Assigned task: Every line from the one with "Você pode classificar" through the end of the material below, both ends included, should be transcribed exactly, without pictures.

Exercise data:
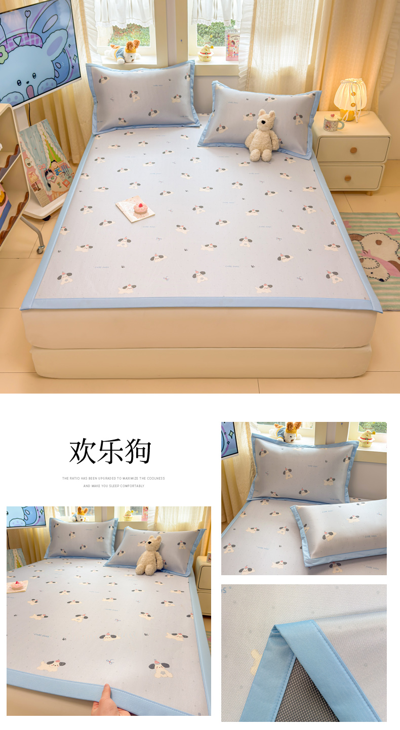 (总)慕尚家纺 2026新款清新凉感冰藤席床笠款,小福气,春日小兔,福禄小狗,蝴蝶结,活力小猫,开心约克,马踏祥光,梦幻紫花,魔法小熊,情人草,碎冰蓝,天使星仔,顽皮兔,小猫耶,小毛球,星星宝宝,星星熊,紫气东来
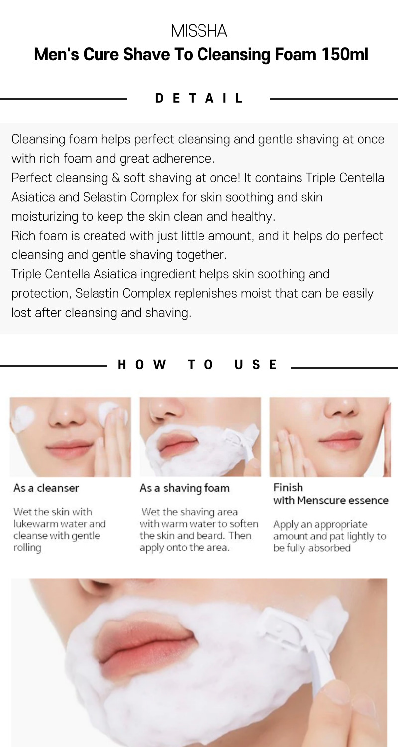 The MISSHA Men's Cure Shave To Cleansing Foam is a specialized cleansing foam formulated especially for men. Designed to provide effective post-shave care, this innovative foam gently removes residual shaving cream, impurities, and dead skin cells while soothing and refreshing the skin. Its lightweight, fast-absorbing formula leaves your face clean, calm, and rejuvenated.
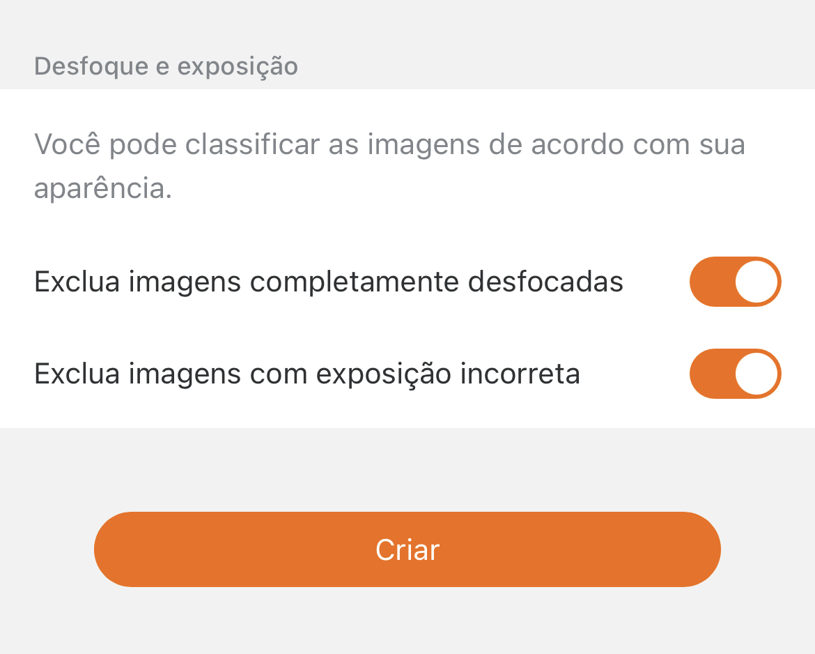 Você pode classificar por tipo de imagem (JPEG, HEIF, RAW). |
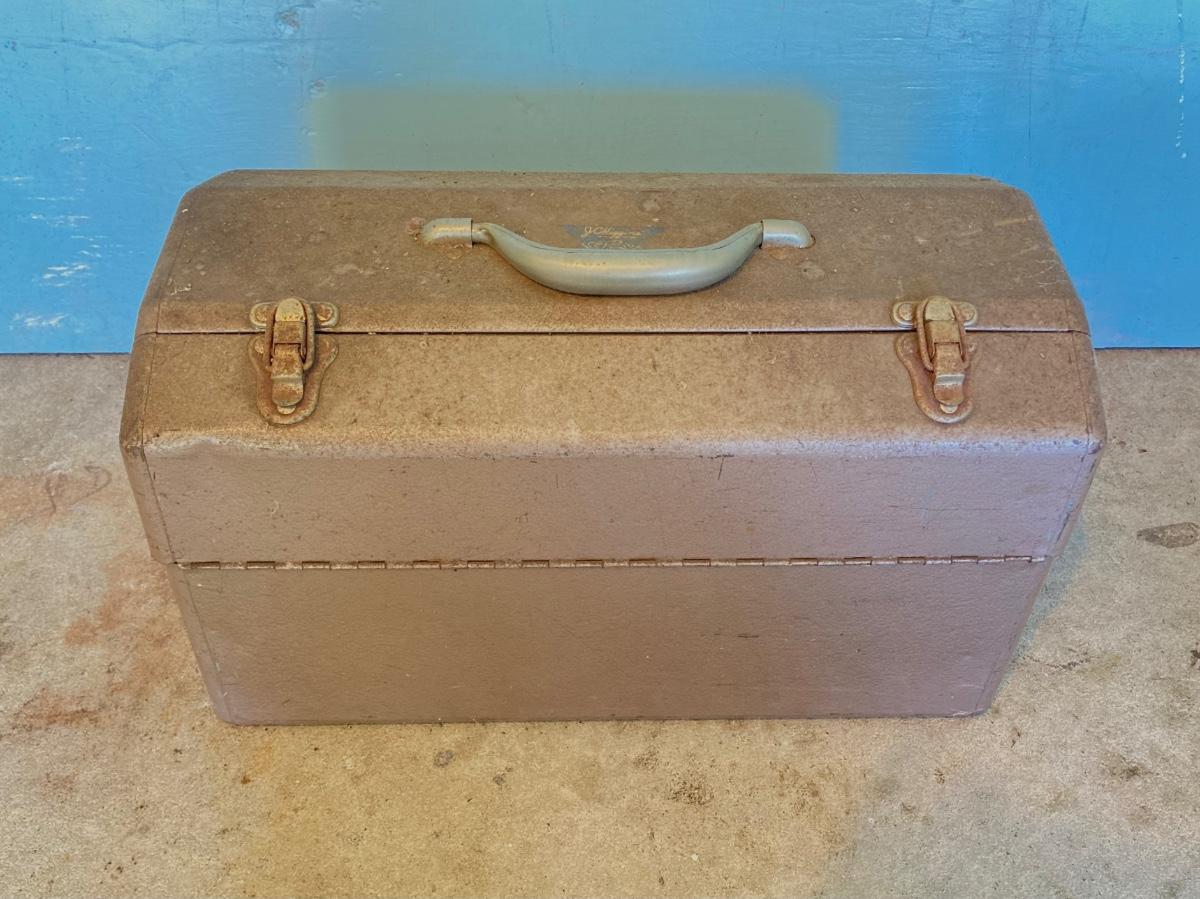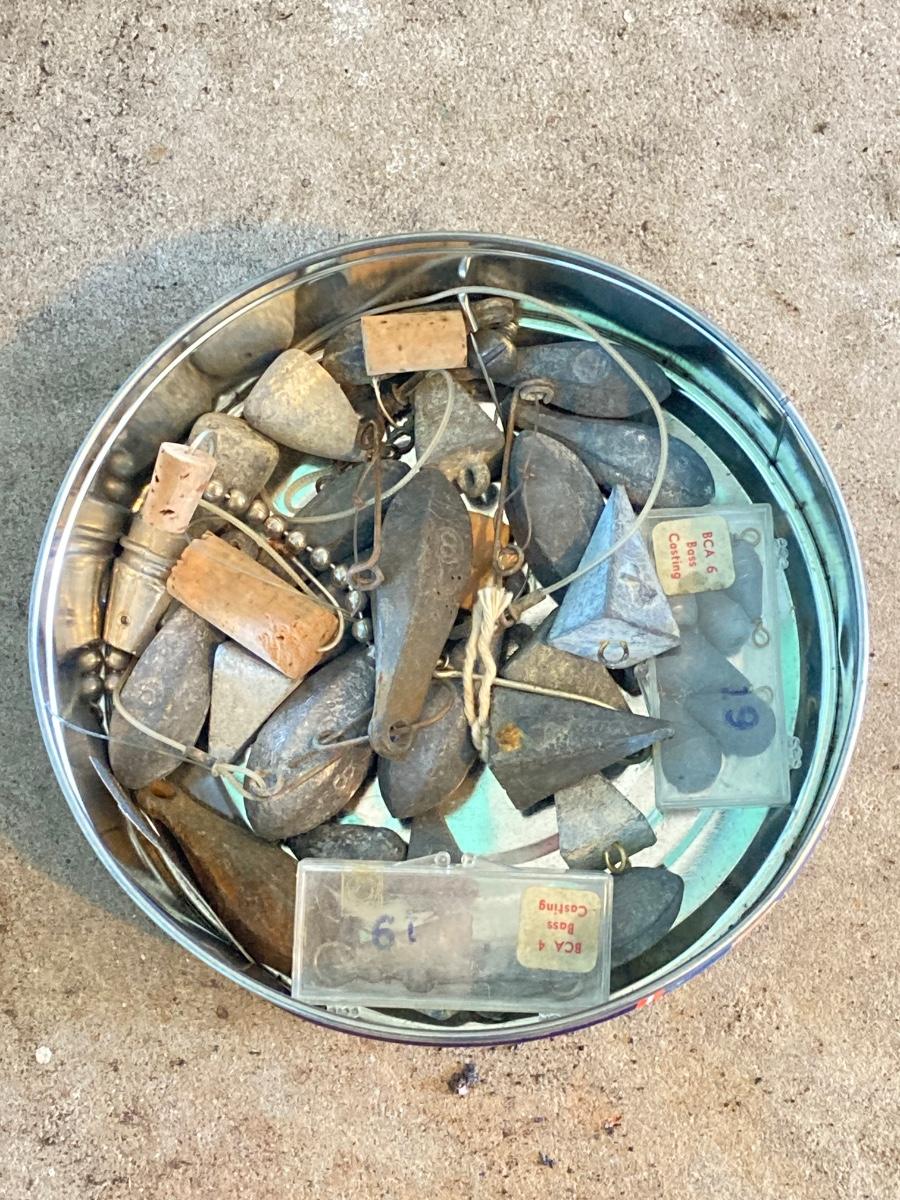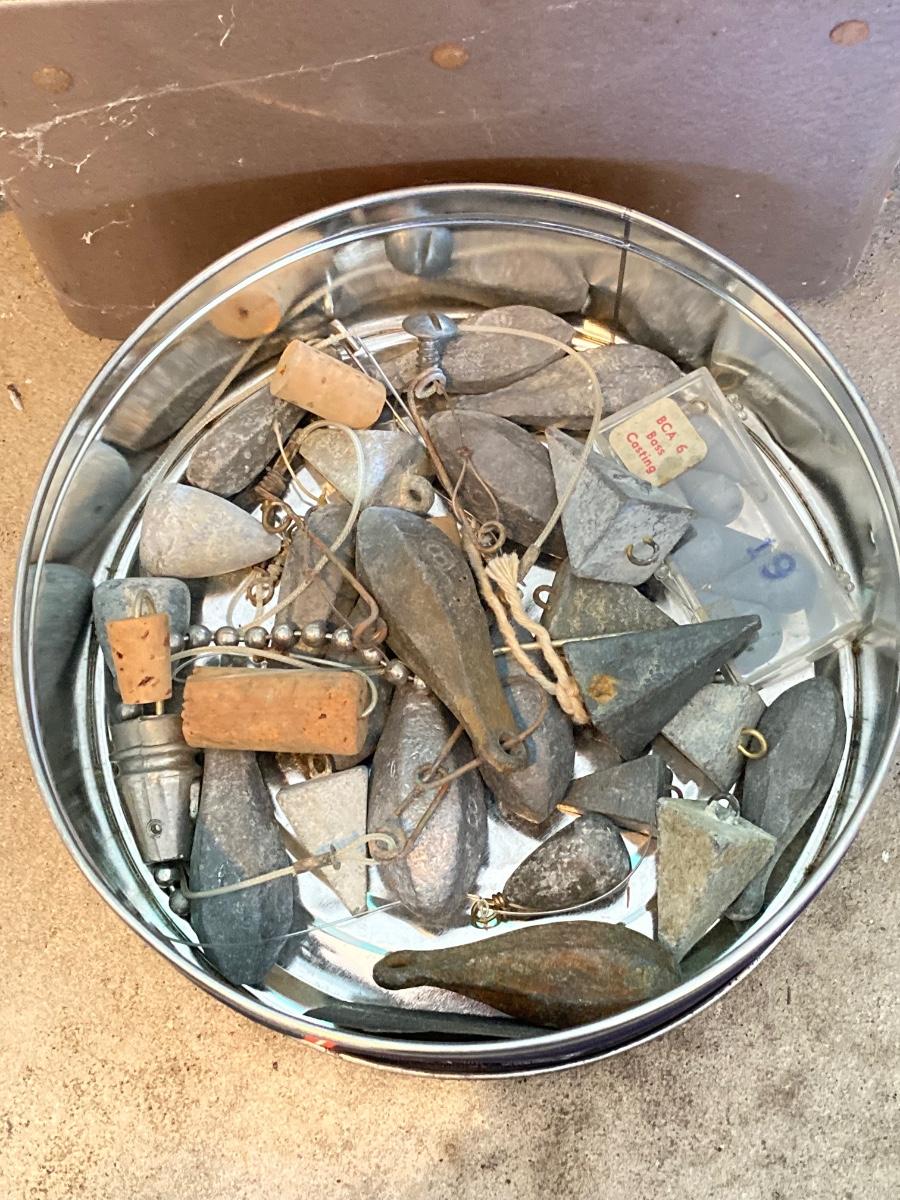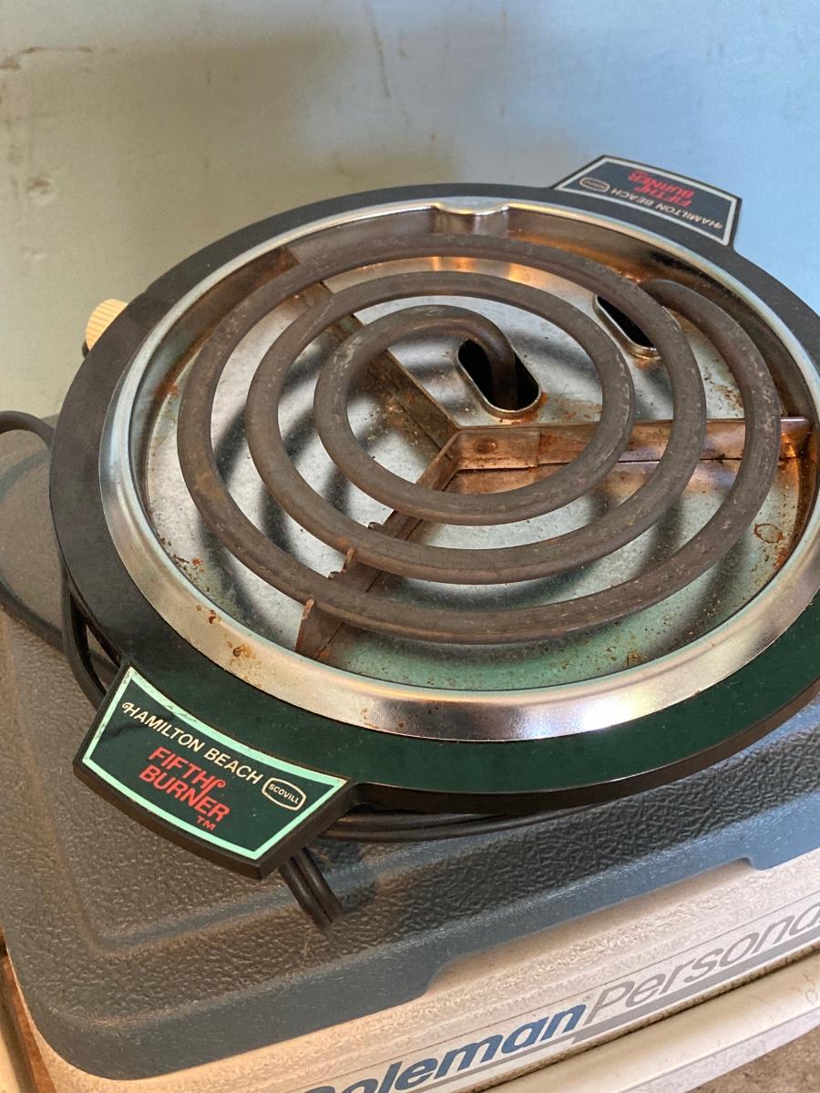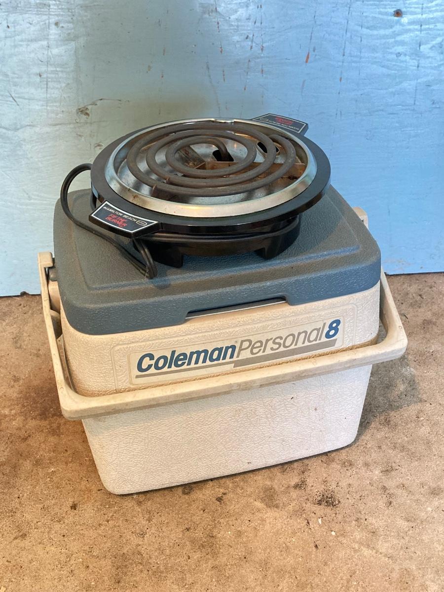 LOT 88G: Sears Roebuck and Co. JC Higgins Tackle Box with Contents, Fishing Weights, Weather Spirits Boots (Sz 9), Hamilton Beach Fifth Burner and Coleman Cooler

Output for this task:
 Você pode classificar por tipo de imagem (JPEG, HEIF, RAW). |
 LOT 88G: Sears Roebuck and Co. JC Higgins Tackle Box with Contents, Fishing Weights, Weather Spirits Boots (Sz 9), Hamilton Beach Fifth Burner and Coleman Cooler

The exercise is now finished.